Since 2014, we’ve compiled and updated a spreadsheet of more than 100 phones made by the major manufacturers—Panasonic and VTech, the latter of which also makes AT&T-branded phones. It’s a seemingly endless list of confusing alphanumeric product names, only slightly differentiated feature sets, and designs with few meaningful differences. Complicating things further, many models are available only through certain retailers (Amazon, Target, Walmart, and so on).
So we asked Panasonic and VTech about their latest offerings to help determine which might be worth testing, looked at retailers’ best-seller lists, and pored over the few other professional reviews still being written about cordless phones.
We knew what to look for based on our own experience with cordless phones, surveying Wirecutter staff on what they would want in a home phone and combing through user reviews. Cordless phones have taken on some new skills since the era when they dominated the world (like answering calls with Siri), but the core criteria remain the same:
- Audio quality: A phone has one primary job, and that is to enable conversations with crisp, clear, and loud audio for both you and the person you’re on the call with. No one should have to struggle to make out what the person on the other end is saying.
- Range: One of the biggest benefits of a cordless phone is that you can use it far from its base, and the farther you can go without your call breaking up, the better. You and your phone should be able to roam around your house or apartment—and even your yard—without dropping the call.
- Ease of use: The best cordless phones make it easy to quickly get on and off the phone. That doesn’t mean just having large buttons and a high-contrast screen (though those are important), it also means having intuitive menus with as few steps as necessary to call a saved contact, redial a number, or block a number.
- Battery life: Like other cordless devices, the longer you can use these handsets away from their charging base, the better.
A few notes on call-blocking: Spam and spam calls are still a nuisance, so it’s important that phones offer an effective way to block them. Most cordless phones today have a button you can press when an unwanted call comes in, which moves that number to a block list so it won’t ring you going forward.
More advanced phones, like our top pick, have a built-in database of blocked numbers. In testing, we turned off Verizon’s spam blocking feature on the landline to see how well these features work; surprisingly, we got fewer spam calls than before we started testing, which could mean that the phones’ database was working (or Murphy’s Law was at work).
Another feature is pre-screening, which prevents robocalls from getting to you in the first place, for example, by requiring callers to press “1” before letting the phone ring. Setting up these blocking features can be confusing, however, and prevent calls you actually do want (if the person who’s trying to reach you gets confused by the screening message), so we would only use it if you’re inundated with spam calls.

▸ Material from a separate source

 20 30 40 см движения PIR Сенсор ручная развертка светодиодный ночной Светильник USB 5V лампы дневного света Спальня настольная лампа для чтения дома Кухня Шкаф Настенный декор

In our previous round of testing, we used the same criteria to research amplified phones, with additional qualifications specific to their intended purpose:
- Hearing aid compatibility: The HLAA’s Lise Hamlin told us that the first thing someone shopping for an amplified phone should look for is hearing aid compatibility. “When somebody has a hearing aid, or a cochlear implant, or a bone anchor device,” she said, “there could be some noise on the line.”

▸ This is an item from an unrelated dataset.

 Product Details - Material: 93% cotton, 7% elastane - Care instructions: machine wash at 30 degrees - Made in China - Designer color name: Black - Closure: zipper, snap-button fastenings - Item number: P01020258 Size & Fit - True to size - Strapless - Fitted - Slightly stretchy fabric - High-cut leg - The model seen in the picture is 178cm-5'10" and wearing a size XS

- Volume and tone adjustment: By definition, an amplified phone must raise the volume of the speaker on the other end of the line, so we considered only phones that specifically advertised boosted volume. As for tone adjustment—the ability to alter the high and low ends of the audio to account for different levels and kinds of hearing loss—we preferred phones that offered more levels of control because they’re more likely to benefit more people. “The more control you have, the better,” Hamlin told us. “You just want to be able to push the button until it sounds right.”
- Headset or neck-loop jack, base/handset speakerphone, slow-speech mode, and visual ringing indicator: All of these features benefit the greater community of people with hearing loss, even if not every individual uses every one of them.
Retired audiologist Lisa Devlin made calls using our amplified phone options and toggled through the various settings intended to aid hearing, including the volume-adjustment options, tone control, slow-speech and noise-reduction functions, and any audio assist or boost buttons.
After our latest research, we chose to test 11 promising models. Here’s how:
- We connected them to a Verizon Fios home phone line, rotating them in batches of five at a time with a line splitter for efficiency, though not our sanity. (Imagine five phones with different ringtones going off at the same time, each answering system recording the others’ greetings. It was cordless phone inception.)
- To measure range, we placed a call from the second floor of a house to the National Weather Service’s automated hotline, which provides a recorded message with the weather conditions and forecast. We walked down the stairs, out of the house, and down the street, continuing to listen until the call started to break up.
- To evaluate outgoing voice quality, we left voicemails in which we read lists from Harvard Sentences, which are used by the telecommunications industry for standardized testing of phone systems. In addition to listening to our voice messages over and over again, two Wirecutter staffers evaluated and ranked the clips for clarity and volume.
- To evaluate incoming voice quality, we had family members call us and recite passages from books or newspaper articles while we alternated listening between phones.
- For about three weeks, we also just lived with the phones and took and made dozens of phone calls. We noted the not-often-advertised but important features that make using a cordless phone easier, like one-button speed dialing and clearly labeled buttons. We also took notes on how many days the handsets lasted before the battery life went from four bars to one.